All Posts Tagged: Scot Anderson
The June employment report came in on the hot side, beating most economists’ forecasts.
The U.S. economy added another 4.8 million jobs in June on top of an upwardly revised 2.699 million jobs created in May.
The better than expected job gains were likely driven by the reopening of big states like California that didn’t really begin opening up until late May and early June.
It is also important to note that the June employment report is really a backward looking snapshot of the U.S. labor market right now. The health of the labor market and outlook has already changed since these statistics were collected only a few weeks ago.
Virus cases have surged in 34 states over the last two weeks, and at least 19 states have already paused or reversed their reopening, including the big states of California, Texas, and Florida. Consumers were already starting to shy away again from restaurants even before the states announced the reopening pauses and reversals as the fear of virus spread began to change consumer behavior.
The 1.427 million initial jobless claims filed last week and 19.29 million of continuing claims are a timely reminder that further labor market gains will be a much tougher slog from here.
The June jobs report is really a reopening story. Economic reopening across the country since the beginning of May has brought back a net 7.499 million jobs, about a third of the 22.160 million jobs that were lost in March and April as shelter-at-home orders and business shutdowns spread across the country. Yet U.S. nonfarm employment today is still below the level first seen more than a decade ago. The job gains over the past two months have been large enough to push the U.S. unemployment rate down to 11.1% in June from a peak of 14.7% in April.
Job growth was broad based in June with leisure and hospitality (+2.088 million), retail trade (+740 thousand), education and health care (+568 thousand), and manufacturing (+356 thousand) leading the way. Leisure and hospitality lost 8.318 million jobs in March and April and has now brought back 3.491 million jobs or 41.9% of the total lost in May and June.
There are a few weak spots to note in today’s report. Job gains in information (+9 thousand), financial services (+32 thousand), government (+33 thousand), and construction (+158 thousand) remained on the weak side, and a net 10 thousand jobs were lost in mining and logging.
Also, there are still 17.75 million unemployed Americans up from 5.787 million in February with the average duration of unemployment rising to 15.7 weeks from 6.1 weeks in April. The longer people remain unemployed, the more their skills degrade and the more permanent the losses for the economy and lifetime incomes. The reopenings can only bring us back so far and we still have a long way to go to get back to any semblance of economic normality. We are still in the midst of an economic and employment crisis.

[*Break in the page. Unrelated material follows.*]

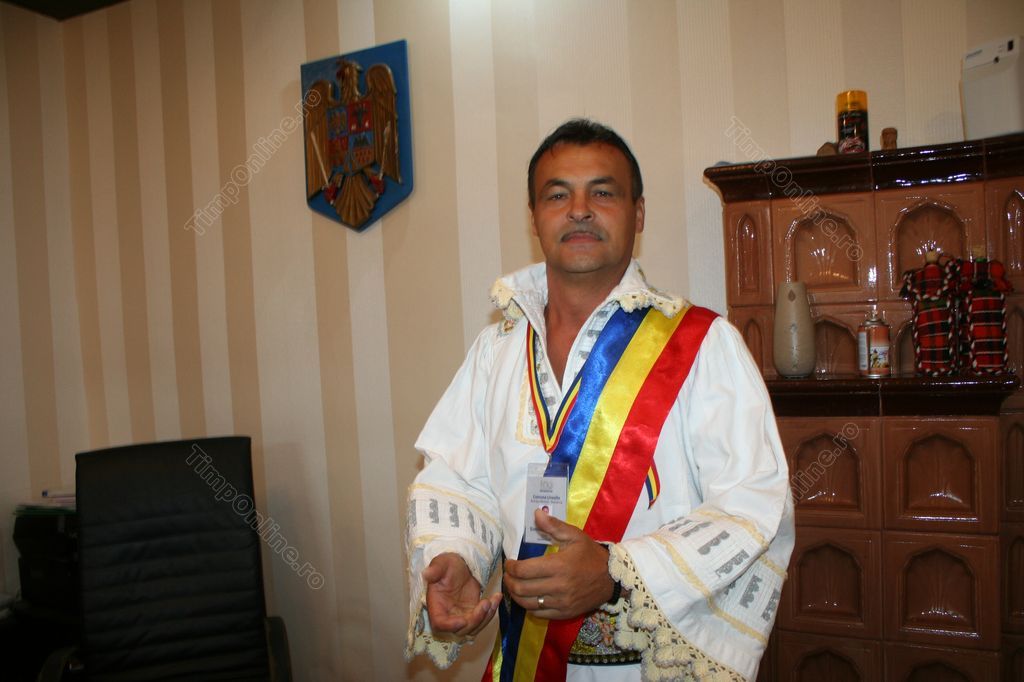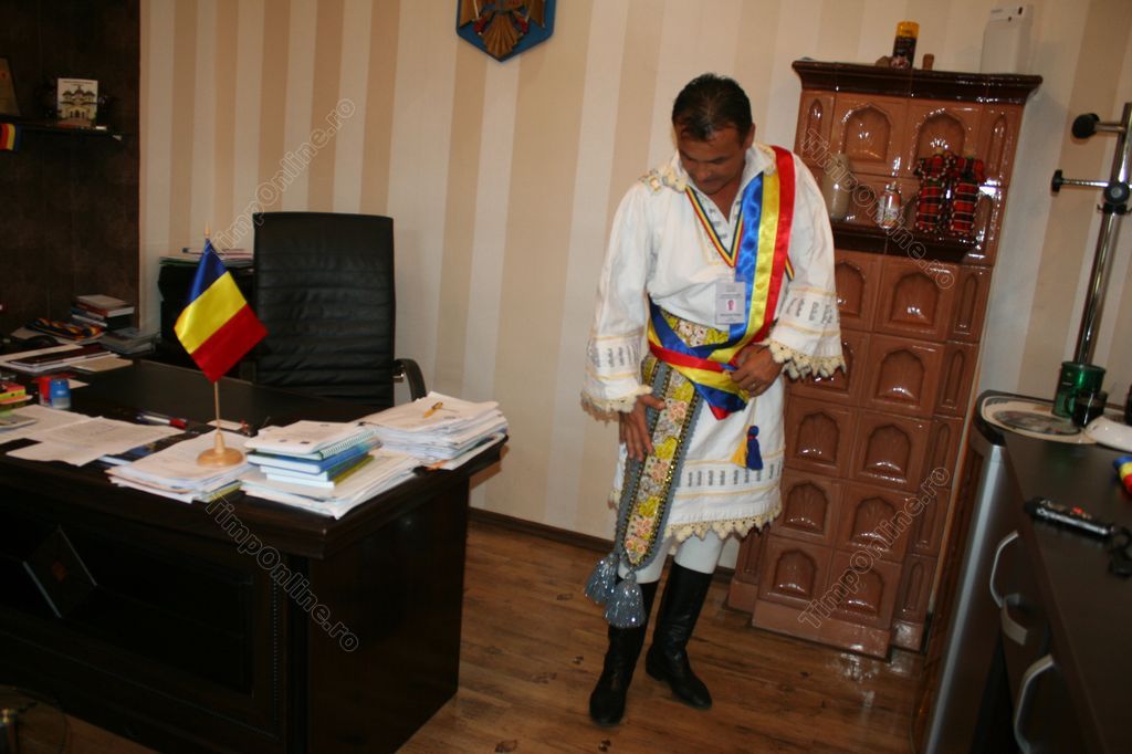 Primarul însuşi s-a îmbrăcat cap-coadă în port popular. El poartă o cămaşă veche de 70 de ani, cizme, iţari, brâu cu două petale şi cănaci cu mărgele şi curea.

Average hourly earnings dropped 1.2% in June, a bigger decline than the 1.0% decline seen in May. Even so, the average hourly earnings declines over the last few months are not yet too concerning for the consumer spending outlook as it probably means more low wage furloughed workers are coming back to work.
Average hourly earnings surprisingly jumped 4.7% in April alone as more low wage workers temporarily lost their jobs in the early stages of this pandemic, while higher wage workers were able to hold on to them. The April average hourly earnings gain was so large that average hourly earnings are still up 5.0% from a year ago in June, well above the 3.0% rate seen in February before the pandemic hit.
Bottom line: The U.S. labor market moved further away from Great Depression levels of job loss and unemployment in June as leisure and hospitality, health care and education, retail, and restaurants and bars, reopened for business.
Even so, the U.S. economy has suffered a staggering loss of jobs and a level of unemployment that continues to exceed the worst of the Great Recession. We must quickly contain this resurgence in virus spread if we are to build on the labor market gains made over the last few months.